|Involvement, Truth, Detachment: The Narrative of My Mother.|
|A problematic genre that has evoked much discussion is the life story, especially when it entails one’s own family and tells the story of one’s own mother. Despite warnings about the hurdles I would encounter, I have started interviewing my mother. It has lead to considerations about involvement and detachment, and about how in the process of narrating life stories people both take things for granted and cover them up.
Only now does my mother have a life story; aged 84, a widow for two years. She tells me, in weekly sessions, about her youth in Indonesia (warmth, freedom), the years before she married and had children (freedom, friendship, drawing), the period when she was bringing up a family, her depressions, and how it is now – a phase that she experiences similarly to the time before her marriage: freedom, an independent rhythm, friendship; the wheel come full circle. Since my father’s death she has blossomed: she has gained her own voice, she observes the world, she has a story to tell.

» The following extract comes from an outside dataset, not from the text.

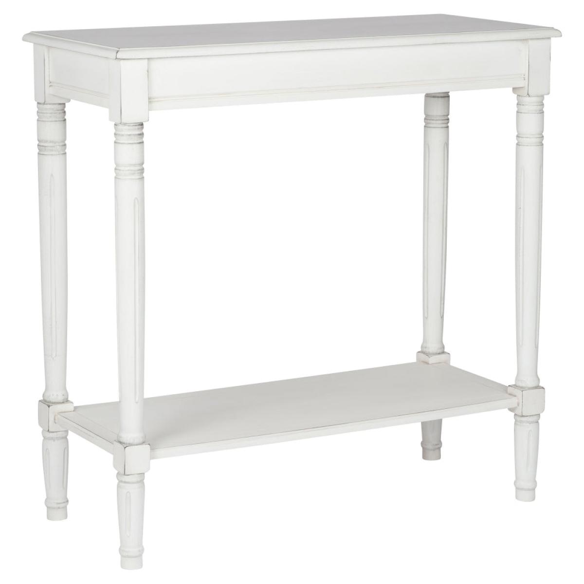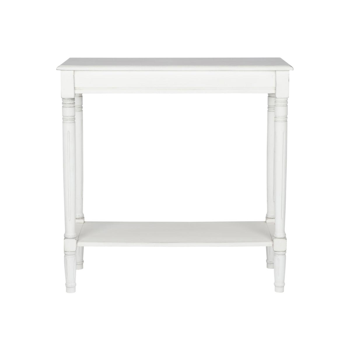 Refined elegance meets everyday functionality in the. Featuring a clean rectangular silhouette and a classic white painted finish, this piece is designed to bring a touch of timeless charm to any room in your home. Crafted from a sturdy blend of pine wood and MDF, the console table showcases traditional turned legs and a spacious lower shelf for added storage or decorative display. Its compact footprint makes it ideal for narrow hallways, entryways, or behind sofas, while the sleek white design complements both modern and vintage-inspired interiors.
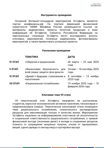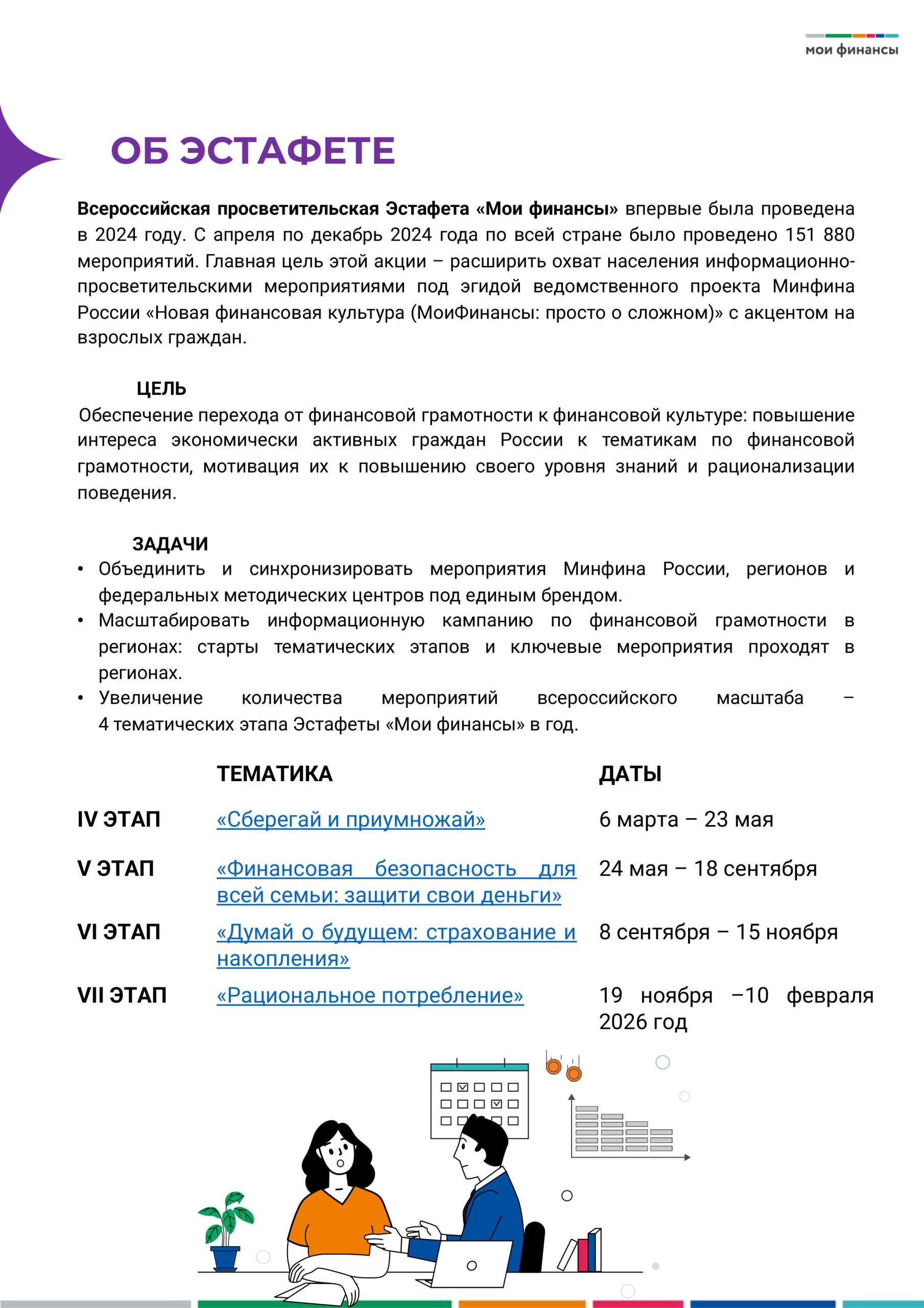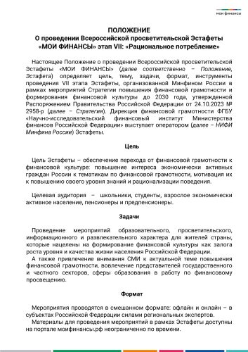 ВСЕРОССИЙСКАЯ ПРОСВЕТИТЕЛЬСКАЯ ЭСТАФЕТА «МОИ ФИНАНСЫ» Этап VII: «Рациональное потребление» 16.02.2026 Светлана Юндина Новости, Управление экономики Руководство по организации и проведению мероприятий Эстафеты

My closeness to her is an advantage in our talks together: she trusts me and feels confident with me. She would never tell so much to a stranger. And I can empathise with what she has to say. The disadvantage is that she is so much part of me (or I of her) that I run the risk of finding the things that she says quite matter-of-course – when they are in fact remarkable; that I don’t ask questions because I know that she finds them painful, that I collude in avoiding the same subjects as she does, and that I adopt our family’s feelings of hesitance and timidity without even realizing it. How much truth can she cope with? And how much can I bear? What does she want to save me from, and what do I prefer not to hear?
Her life story is a version that she can manage pretty well. She would not tell these stories so frankly and openly to an outsider; but an outsider would be more perceptive of things that I perhaps miss. Emotional and sociological distancing could contribute to another ‘truth’, comprising a more-encompassing narrative.